Study: Listening to Certain Sounds Seems to Improve Sleep



Participants played "pink noise" that was synchronized to their brain rhythms slept more deeply and had increased memory retention.

Fey Illyas/Flickr

PROBLEM: Out at the fringes of sleep research, small studies have shown that applying a "gentle electric current" can ease the brain into deep sleep, improving sleep quality and increasing overnight memory retention. But the potential therapy has yet to gain popular appeal, probably because the whole sticking electrodes to your head thing just screams "don't try this at home." (There are, of course, companies that are trying to sell you on trying it at home, but you'll need to find upwards of $600 and a doctor willing to write you a note.)

METHODOLOGY: German researchers recruited 11 subjects to spend two nights in their sleep lab. During one night, as the participants approached deep sleep, the researchers played sounds ("pink noise") that were synchronized to their brain rhythms. As a control, no sounds were played the other night.

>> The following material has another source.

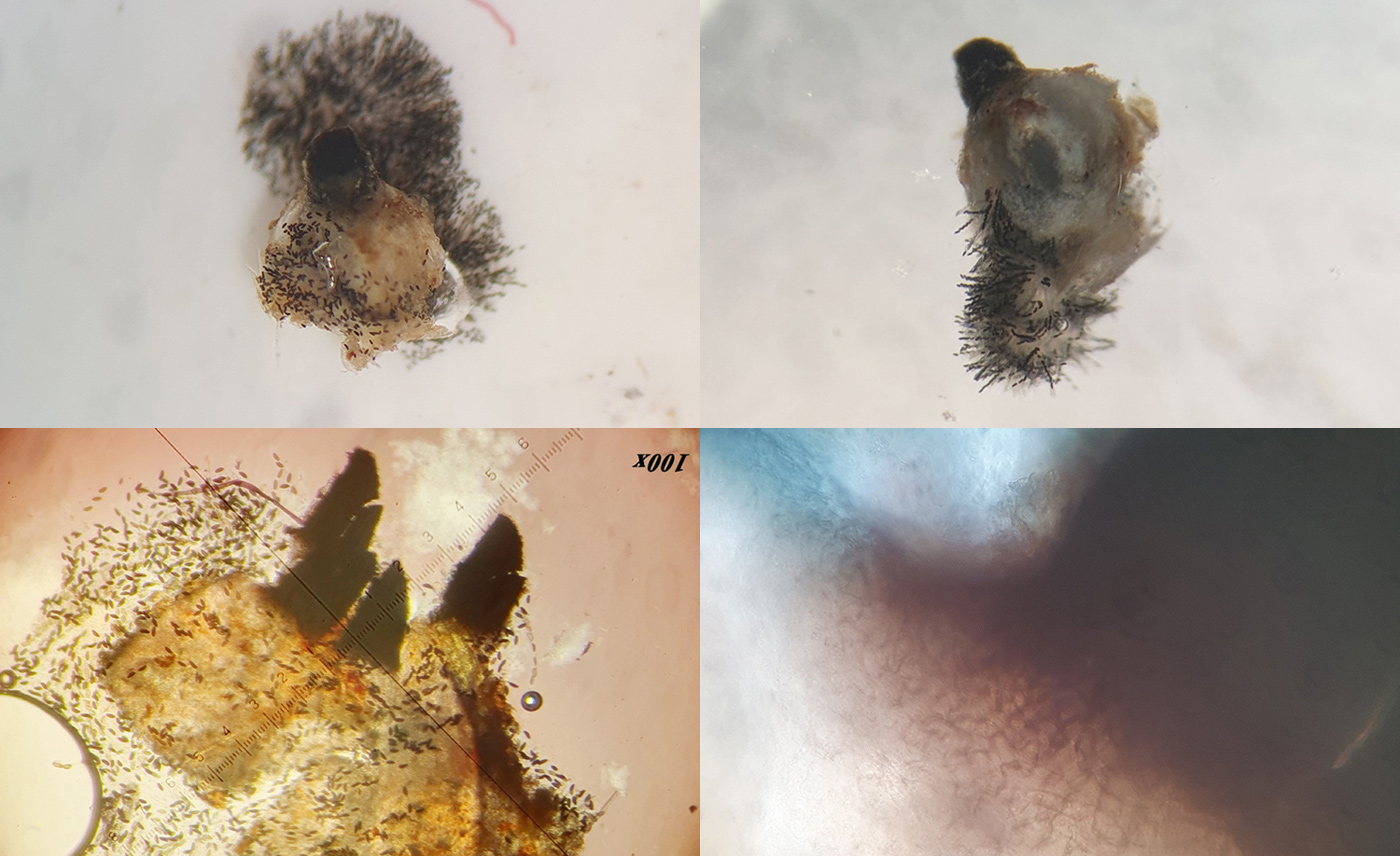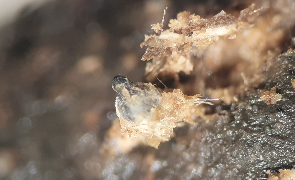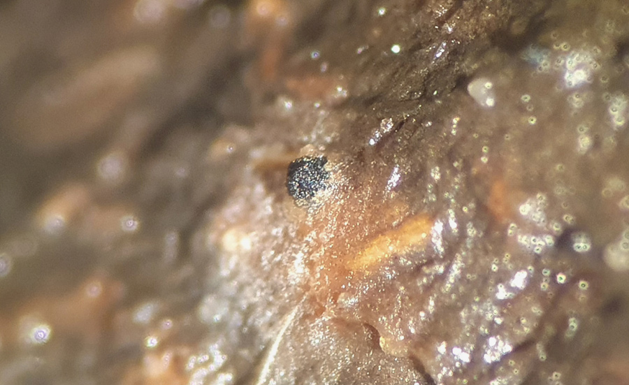 das ausgelöste Perithezium war rundlich, beigefarben und 0,8 x 0,7 µm groß. Die Struktur des Excipulums eine undeutliche textura angularis.

In addition, the participants were shown 120 pairs of words each night before going to be. First thing in the morning, they were tested to see how many of the pairs they remembered.

RESULTS: While it didn't cause them to experience more deep sleep cycles, the pink noise appeared to prolong deep sleep and to increase the size of the subject's brain waves during that period, as evinced by their EEGs.

The slow brain waves that characterize deep sleep are implicated in information processing and memory formation, and sure enough, on the mornings after those brain waves appeared to have been enhanced, the participants remembered a higher number of word pairs (an average of 22, as opposed to 13).

IMPLICATIONS: Sound stimulation has been tried before, unsuccessfully. The key here, write the researchers, is that the frequency of the sounds was in sync with the subjects' brain waves. Were this technique to be further developed, it could potentially be used to improve sleep in general, and possibly even to enhance brain activity when we're awake. Although it's even less viable, for now, than electric brain stimulation, the latter has been proposed as a way of treating Alzheimer's, fighting depression, easing pain, and the ever-popular "boosting creativity."

"Auditory Closed-Loop Stimulation of the Sleep Slow Oscillation Enhances Memory" is published in Neuron.